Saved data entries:
= Beginning of Section =
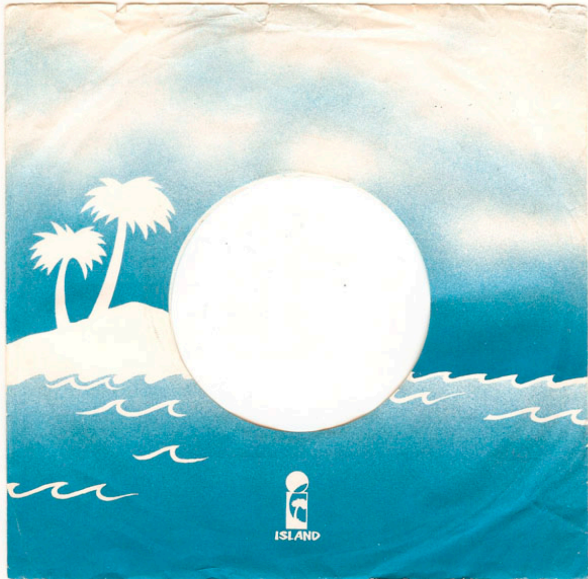
Matthew Smith, Typical Affair (detail), 2006 Painted shelf and bracket and screws with Island Records 7" record sleeve 27 by 29 by 5.5 inches

From: Western Bridge <info@westernbridge.org> Subject: "Underwater" Opens May 21 - Western Bridge Turns 5 Date: June 4, 2009 2:33:33 PM PDT To: amirzaki@verizon.net Reply-To: info@westernbridge.org
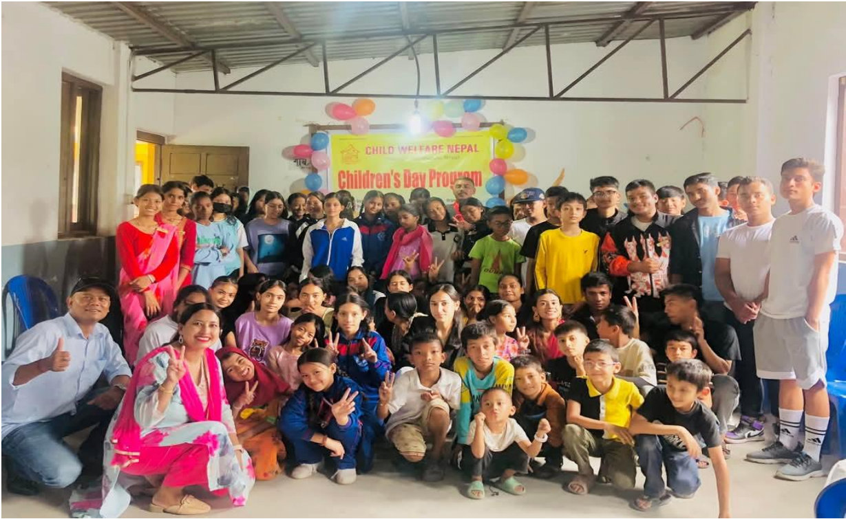
File photo of the Children's Day Program dated 14 th September 2024.
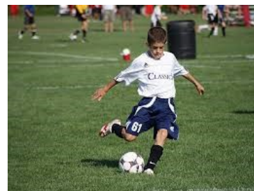
Pulisic as a child

Looking to the future, he will plan to work up the rankings in Dortmund and continue to win titles. Also he will look to grow the US team and lead them in becoming an international powerhouse.
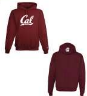
GRAD "CAL" HOODIE
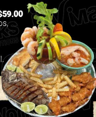
DEL MAR Pack

2 Dz camarones rancheros, 2 Dz fried shrimp, 1 whole tilapia, 2 fish filet, small 7 mares and small shrimp cocktail.
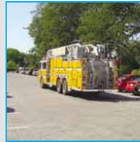
PICP is strong and durable.
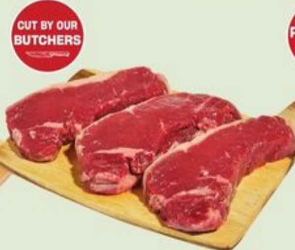
WEST STRIPIOIN GRILLING STEAK FAMILY SIZE, CUT FROM CANADA AAA GRADE WESTERN BEEF 41.87/KG 20821910_KG
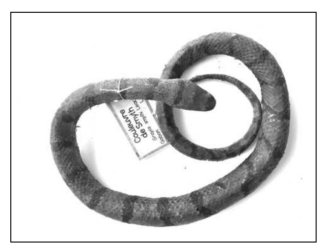
Figure 7. Stuffed Grayia ornata from Gabon exhibited in the Museum of Zoology in Lausanne, Switzerland.
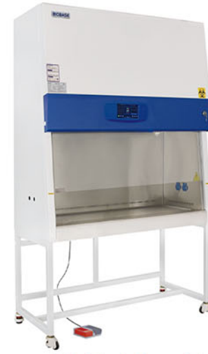
Color Touch Screen Type
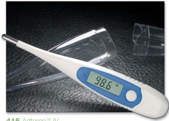
415 Adtemp™ IV
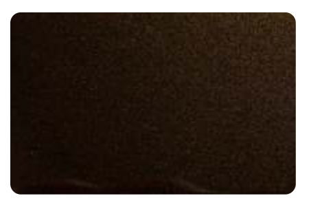
Holo Carnelian Orange Brown 90G (ES2916)
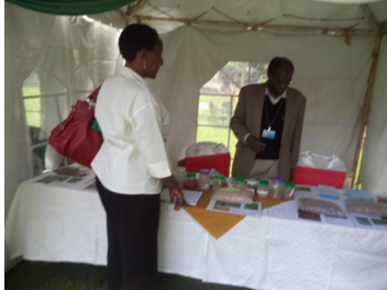
A prospective PhD candidate seeks guidance on doing it by research ad thesis which is in line with the requirements of her employer.
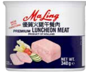
20001 LUNCHEON MEAT 12*340GR
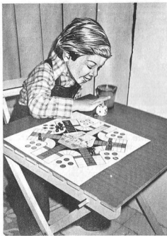
Adding together 2 dice in freeplay boardgame!--You can make your own!
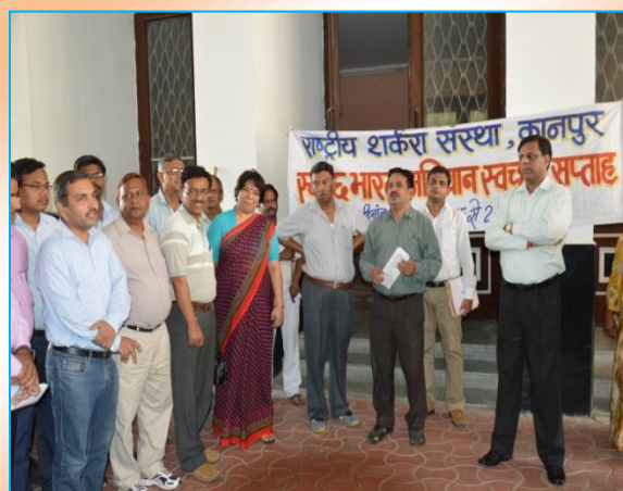
Swachh Bharat Mission Campaign

The main building, hostels, Experimental Sugar Factory and residential buildings were cleaned with no surplus materials lying here and there. During the campaign unserviceable material was also identified & action was taken for its disposal.
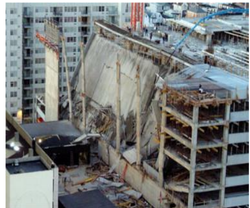
Fig 2 Building collapse due to punching shear in flat slab
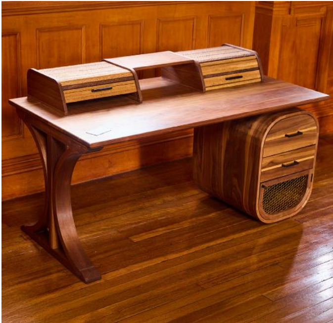
Indy Beck – Modern Study Desk
= End of Section =
▶ Assignment: Go through the data, and copy each line in which the word "with" appears.

▶ Your solution:
Matthew Smith, Typical Affair (detail), 2006 Painted shelf and bracket and screws with Island Records 7" record sleeve 27 by 29 by 5.5 inches
A prospective PhD candidate seeks guidance on doing it by research ad thesis which is in line with the requirements of her employer.
The main building, hostels, Experimental Sugar Factory and residential buildings were cleaned with no surplus materials lying here and there. During the campaign unserviceable material was also identified & action was taken for its disposal.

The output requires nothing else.